The most effective cleanroom design goes far beyond engineering multiple, discrete systems.

The imperative to engineer sustainable facilities grows more pressing with each passing year. Not only does sustainable design protect the environment; it provides significant operating cost reductions and helps prevent functional obsolescence.


Adopting the whole-building approach is one of the most effective tools we have today to engineer and design cleanrooms and industrial facilities that will best meet our clients’ future needs.



Cleanroom Mechanical Equipment

Net-Zero Cleanroom Design by 2030?

By 2030, all federal facilities must be 100 percent independent of fossil fuels and feature fully sustainable designs. The United States government, through the Energy Independence and Security Act (EISA), has issued a series of mandates and executive orders to guide the process.


Although the guidelines for private cleanrooms and industrial facilities are not as stringent, industry experts believe that guidelines for those will evolve in a similar manner. Cleanroom developers and owners can take advantage of significant incentives available for adopting sustainable, whole-building practices of design and engineering.
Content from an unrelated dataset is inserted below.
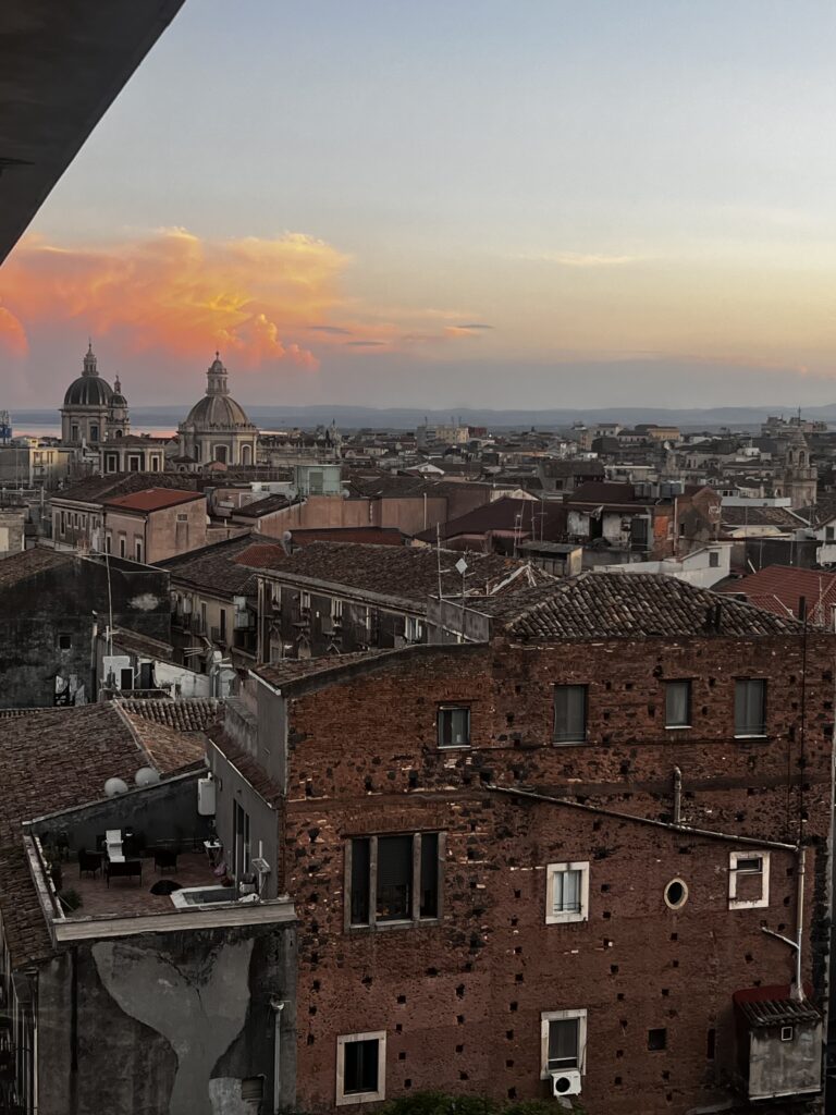 Non ha ricordi d’infanzia legati a Catania, ma ne ha costruiti di nuovi. Quando è arrivata, la città le è sembrata triste, abbandonata. “Mi dispiaceva per lei,” racconta, “sembrava trascurata.” Poi, però, ha imparato a guardarla meglio: dietro le porte socchiuse di via Crociferi, tra le pietre antiche e i lavori in corso, ha sentito che Catania non era ferma. Era viva. Viva nei profumi di melanzane fritte, nei rumori dei martelli, nelle voci dei vicoli. Anche dove sembra un museo, Catania continua a respirare.

Besides the legal requirements, adopting these practices is helpful for improving workplace comfort, saving money on energy bills and preserving the environment.
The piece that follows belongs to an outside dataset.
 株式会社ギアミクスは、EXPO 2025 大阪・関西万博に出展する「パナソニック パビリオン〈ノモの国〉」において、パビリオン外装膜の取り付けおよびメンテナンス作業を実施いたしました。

High-Performance Cleanroom Design Principles

To work toward these lofty goals of energy independence, cleanroom design and engineering must maximize performance standards. The whole-building approach is the foundation for optimizing cleanroom operation and performance while lowering the requirement for energy resources.


Today, we approach industrial design much like you might approach your physical health. To keep your body healthy and operating optimally, you work out, eat right, get plenty of rest and pursue a work-life balance. To design a high-performance cleanroom facility, we must consider how each system works independently, but also how they all work in harmony.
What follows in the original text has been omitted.